Why predicted grades are inaccurate.
Predicted grades, whether from teachers or from a statistical model, are not likely to be accurate. That’s why exams are taken every year. The grades given will not have been the same as those that would have been given had exams been sat. Exam results are always influenced by what seem like random factors that nobody can predict (I will discuss this further in the next section). We can reasonably argue over what is the most accurate way to predict grades, but we cannot claim that there is a very accurate method. There are also situations where exam results are very hard to predict. Here is why I think this year’s results will be depressingly inaccurate.

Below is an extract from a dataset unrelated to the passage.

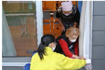
「地区の皆さんから掃除の仕方を教えてもらって、きれいになりました！」

新型コロナウイルス対策として、参加人数を制限しての開催となりましたが、「規模を縮小しても、子ども達に、この機会を作りたい」との校長先生の想いと、地区住民の皆様の協力により実施することができました。少人数での清掃活動となりましたが、全員が率先して活動することができました。

Some students are exceptional. Some will get an A* in a school that’s never had an A*. Some will get a U in a school that’s never had a U. Predicting who these students are is incredibly difficult and remains difficult even where historic A-level results are adjusted to account for the GCSE data of current students. Students will have often unfairly missed out (or unfairly gained) wherever very high or low grades were on the table (i.e. if students were at the top and the bottom of rankings). This is the most heartbreaking aspect of what’s happened. The exceptional is unpredictable. The statistical model will not pick up on these students. If a school normally gets some Us (or it gets Es but this cohort is weaker than usual) the model will predict Us. If a school doesn’t normally get A*s (or it does but this years cohort is weaker than usual) the model will not predict A*s. This will be very inaccurate in practice. You might then think that CAGs should be used to identify these students. However, just as a statistical model won’t pick up an A* or U student where normally there are none, a teacher who has never taught an A* or U student will not be able to be sure they have taught one this time. In the case of U it might be more obvious, but why even enter a student for the exam if it was completely obvious they’d get U? The inaccuracy in the CAGs for extreme grades was remarkable. In 2019, 7.7% of grades were A*; in 2020, 13.9% of CAGs were A*. In 2019, 2.5% of grades were Us; in 2020, 0.3% of CAGs were Us. Both the CAGs and the statistical models were likely to be wrong. There’s no easy way to sort this out, it’s a choice between two bad options.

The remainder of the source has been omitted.